Das Wertvollste im KI-Zeitalter sind möglicherweise nicht die großen Modelle.
Ein Startup, das keine Basismodelle trainiert, keine Chips herstellt und auch keine Super-Rechenzentren baut, kann für mehr als 7 Milliarden US-Dollar verkauft werden – warum eigentlich?

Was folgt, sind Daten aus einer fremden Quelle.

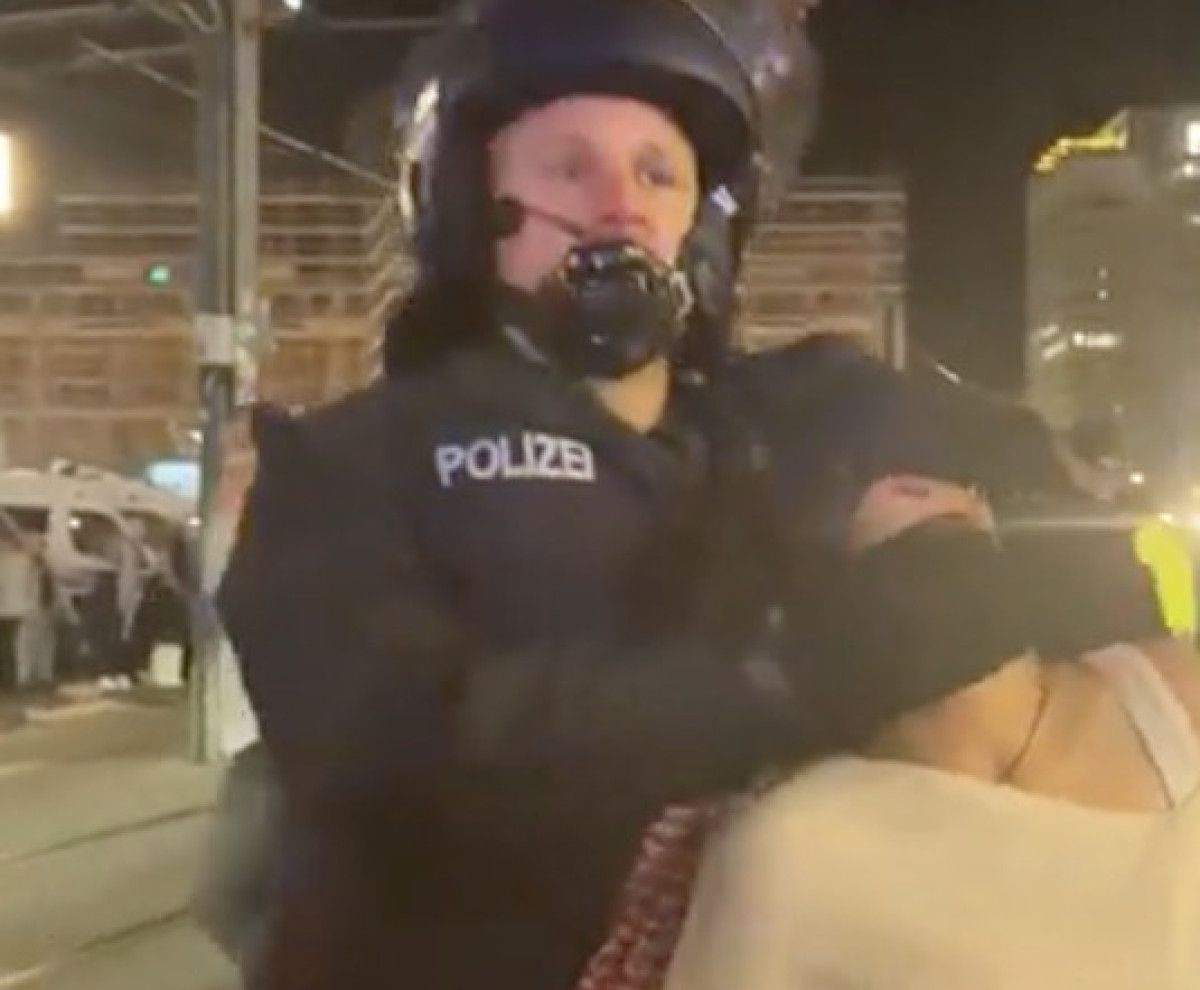İki polisin bir kadın göstericinin koluna girip gözlerini kapattıktan sonra boynunu geriye bastırarak gözaltına alması ise tepkilere neden oldu.

Aktuellen Nachrichten zufolge hat der Zahlungsriese Stripe bereits eine Übernahmevereinbarung mit der KI-Modell-Routing-Plattform OpenRouter geschlossen, der Transaktionswert übersteigt 7 Milliarden US-Dollar.
Zum Vergleich: Als OpenRouter im Mai dieses Jahres die Serie-B-Finanzierung in Höhe von 113 Millionen US-Dollar abschloss, lag die Bewertung bei etwa 1,3 Milliarden US-Dollar. In nur wenigen Monaten hat sich sein Marktwert mehr als verfünffacht.
Es ist jedoch zu beachten, dass Stripe die Transaktion bis zum Redaktionsschluss noch nicht offiziell angekündigt hat. Ein Sprecher erklärte, dass das Unternehmen keine Marktgerüchte kommentiert. Daher lautet die genauere Angabe derzeit noch: „Laut Berichten von Medien wie Bloomberg haben die beiden Seiten eine Vereinbarung getroffen“, die spezifische Transaktionsstruktur, Zahlungsweise und endgültigen Abschlussbedingungen sind noch nicht öffentlich.
Trotzdem zählt diese potenzielle Transaktion zu den bemerkenswertesten Übernahmen im KI-Bereich in diesem Jahr.
Denn was Stripe anstrebt, ist wahrscheinlich kein gewöhnliches KI-Tool-Unternehmen, sondern eine Basisplattform, die die Chance hat, den globalen Modellverkehr, die Abrechnungsbeziehungen und den Einstiegspunkt für Entwickler zu steuern.
OpenRouter entwickelt keine Modelle – und steht trotzdem über allen Modellen
OpenRouter wurde 2023 gegründet. Das Problem, das es löst, scheint nicht sehr komplex zu sein: Es ermöglicht Entwicklern, über eine einheitliche Schnittstelle auf große Modelle verschiedener Unternehmen zuzugreifen.
Ohne OpenRouter müsste ein KI-Anwendungsunternehmen möglicherweise separat Modelle von OpenAI, Anthropic, Google, Meta, DeepSeek, Alibaba Tongyi Qianwen, Moonshot AI und anderen Anbietern integrieren und jeweils Kontoguthaben, API-Schlüssel, Zugriffsbeschränkungen, Preisänderungen und Datenrichtlinien verwalten.
Sobald ein Modell die Preise erhöht, den Dienst unterbricht oder die Geschwindigkeit verringert, müssen Entwickler den Code ändern, um sich an ein anderes Modell anzupassen.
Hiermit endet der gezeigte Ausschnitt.